Monday, January 26, 2009
Set along the western coast of the Istrian Peninsula, Poreč (Italian: Parenzo) is almost 2,000 years old, and is centered around a harbor protected from the Adriatic Sea by the small offshore island of Sveti Nikola (St. Nicholas). The town's population of approximately 12,000 resides mostly outside the historical center.
The old town's streets are paved with smooth white stones.
In 1267 Poreč became the first Istrian city that chose to become part of the Venetian Republic, and Venetian architecture can still be seen all around the ancient streets of the old town sector.

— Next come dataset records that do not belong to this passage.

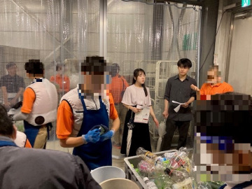 ペットボトル洗浄作業を見学する学生
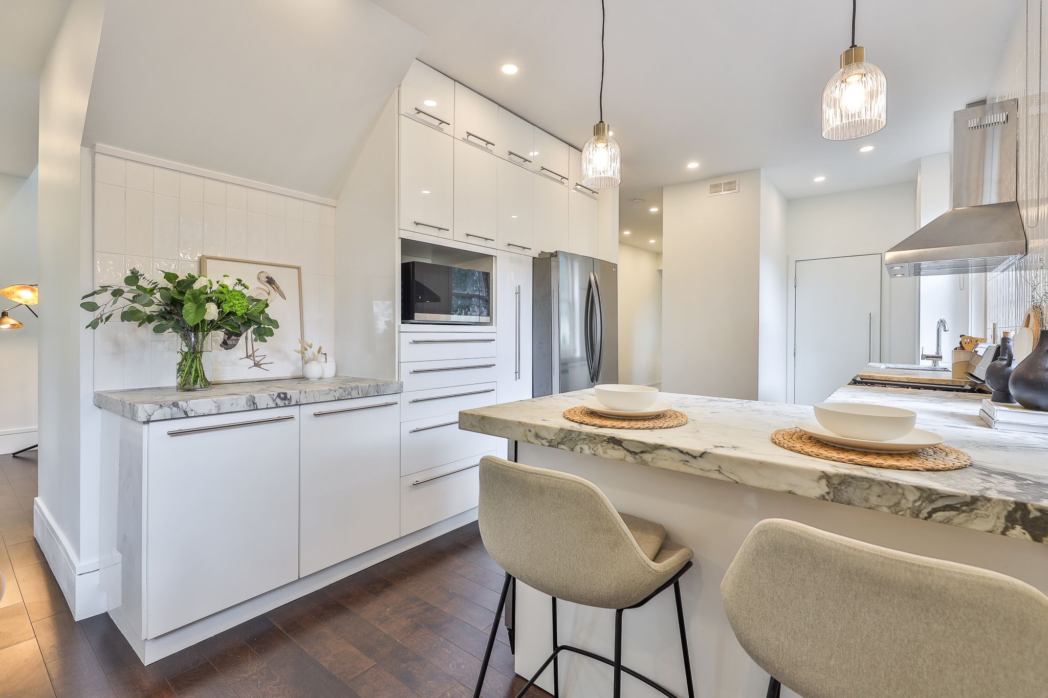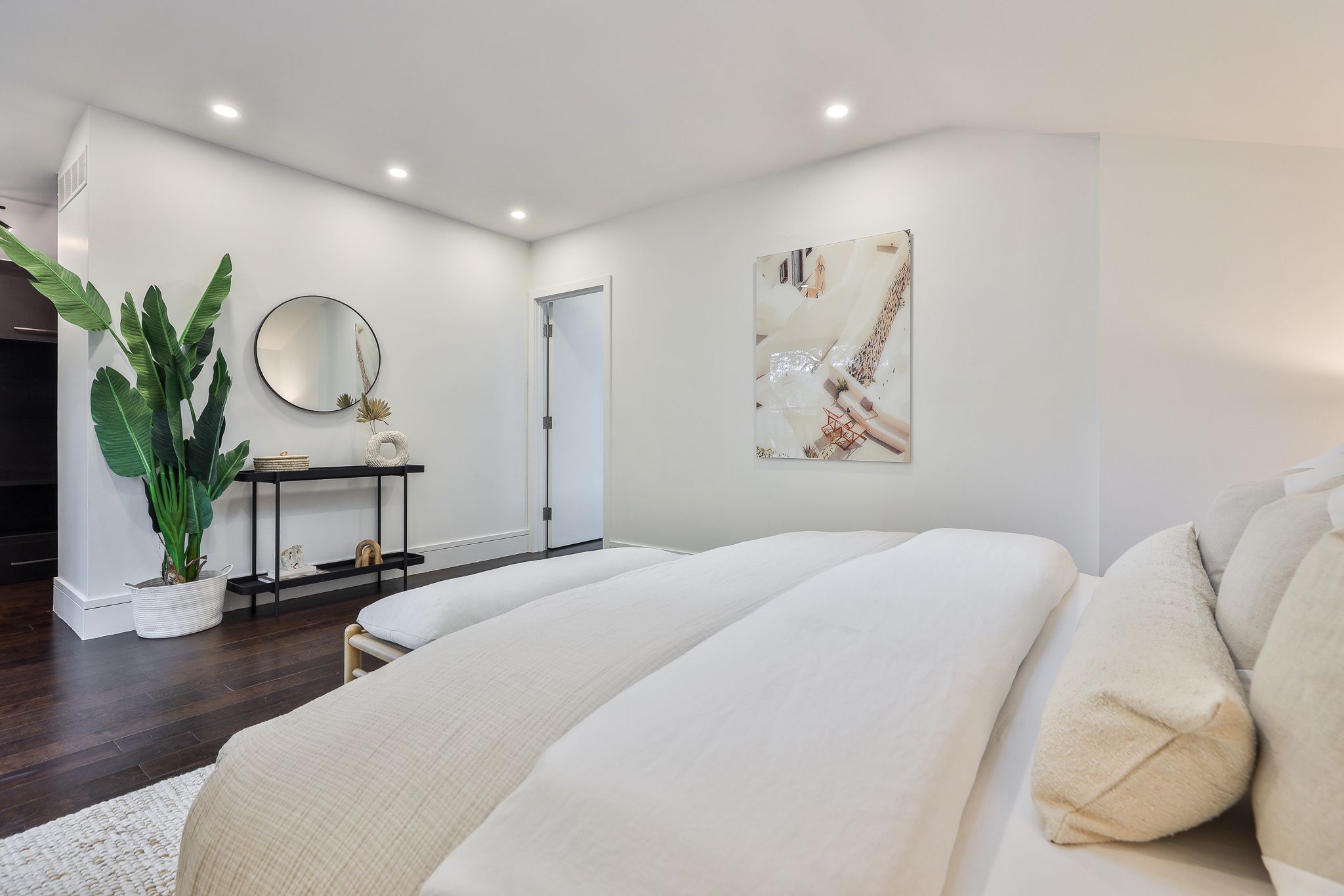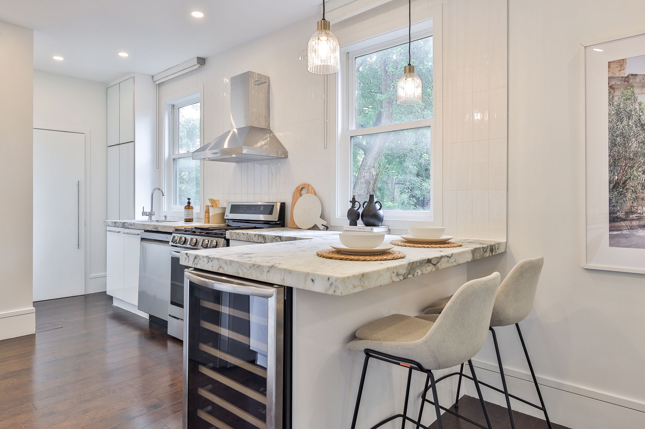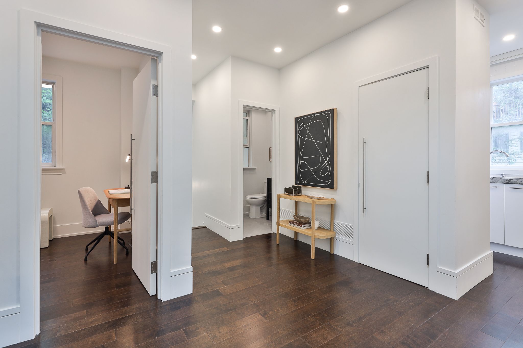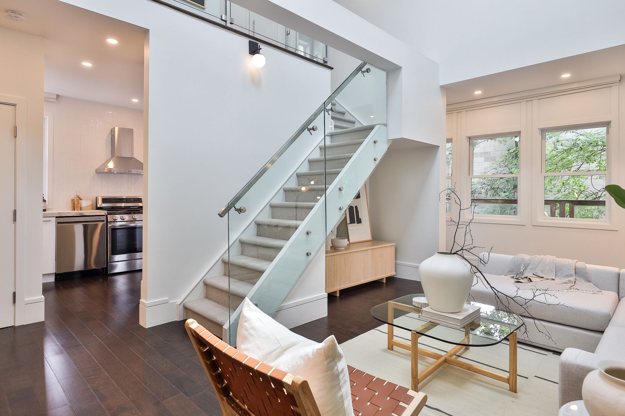 Not your carriage-era coach house. Tucked discreetly off a leafy laneway in the heart of leslieville, this architecturally unassuming turn-of-the-millennium coach house originally constructed in 1999 reveals a striking yet humble private rear-lot residence. Behind its unassuming facade and dormered rooflines lies a mystery. A slice of the unexpected the exterior nods to its carriage house roots while concealing a bright, modernized interior. Step inside and discover a reimagined space where volume, light, and minimalism take centre stage. Crisp white walls and lofty ceilings offer a gallery-like backdrop for a curated aesthetic and an anything goes approach. Equal parts showpiece and workhorse, the kitchen wrapped in stone countertops and glossy custom cabinetry, accented by pendant lighting and polished steel finishes. A quiet scandinavian style informs the open-concept living and dining, where its clean lines, glass enclosures, rich floors, large windows and cut-outs offer up something you don't see on the daily! Upstairs, the primary evokes a boutique hotel retreat with its serene palette, walk-through closet, and access to a secluded treetop balcony. In addition, you're bonus-ed with a studio-sized second bedroom, a huge four-piece bath with room to grow and a hallway overlooking the main floor, punctuated by four skylights and extra storage. And if that ain't enough, we've stacked your first level with a private office (or guest bedroom), extra outdoor space, a powder room, front hallway closet and separate laundry off the kitchen. Still not sold? How about the built-in garages perfect for your cars, your gear, your pottery, your art, your band.. Or even your in-laws. All the benefits of freehold living but without the maintenance (or those maintenance fees)! We cannot wait for you to take a whirl and to let us know what you think! Admittedly, we'll have a hard time parting ways with this laneway legend but, they say if you love something, set it free right?
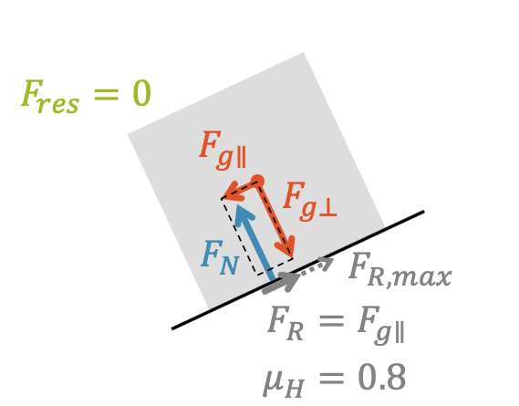 Sollten wir die \(F_{R,max}\) überschritten haben oder wurde der Klotz leicht bewegt, so fällt die Haftreibungskraft weg und wir wechseln zur Gleitreibung. Da der Gleitreibungskoeffizient aber kleiner ist als der Haftreibungskoeffizient (\(\mu_G < \mu_H\)), ist die Reibungskraft nicht mehr in der Lage das Kräftegleichgewicht zu halten. Die resultierende Kraft beschleunigt dann den Klotz den Hang hinunter.
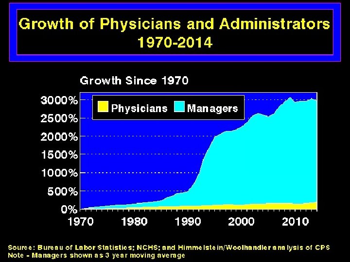 Health Insurance Industry/Bureaucracy n High administrative costs n Average full-time physician spends over $86, 430/yr on billing and insurance functions n $83, 000 trying to recoup payment; $3430 on prior authorizations n 17, 849 different billing codes (in 2011) - now 141, 058
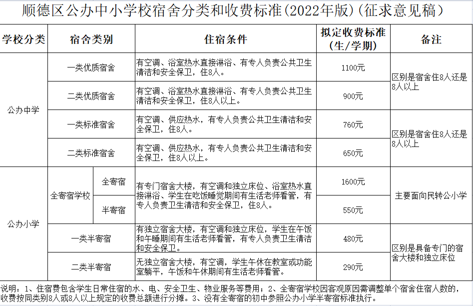 顺德区公办中小学校宿舍分类和收费标准(2022年版)(征求意见稿)

But the most important historical structure is the sixth-century early Byzantine Basilica, a UNESCO World Heritage site since 1997. Built in 553, the Euphrasian Basilica is named after Bishop Euphrasius of Poreč, who in the 6th century commissioned the building of this grandiose three-nave basilica on the site of an earlier church. The Euphrasiana complex is comprised of a church, baptistry, atrium and the former Bishop’s Palace. Of particular interest are the mosaics in the apse, as well as marble slabs with mother-of-pearl and multicolored stone incrustations.
The first sacred structure on the Basilica’s site was Maurus’ Oratory, built in the second half of the 3rd century (portions of the mosaics have been preserved) as one of the first places for corporate worship by Christians. Maurus was the first Bishop of Poreč, and is today the patron saint of Poreč and its diocese. In the period of the bloodiest persecution of Christians during the rule of Emperor Diocletian, he was executed together with the entire clergy of Poreč. His relics are housed today in Euphrasius’ Basilica.
For more than 40 years during the summer months, the basilica in Poreč has been a venue for classical music concerts. Renowned musicians from Croatia and abroad perform there. The atrium of Euphrasiana (see photo below) is the setting for chamber music concerts, notably those incorporating the harpsichord.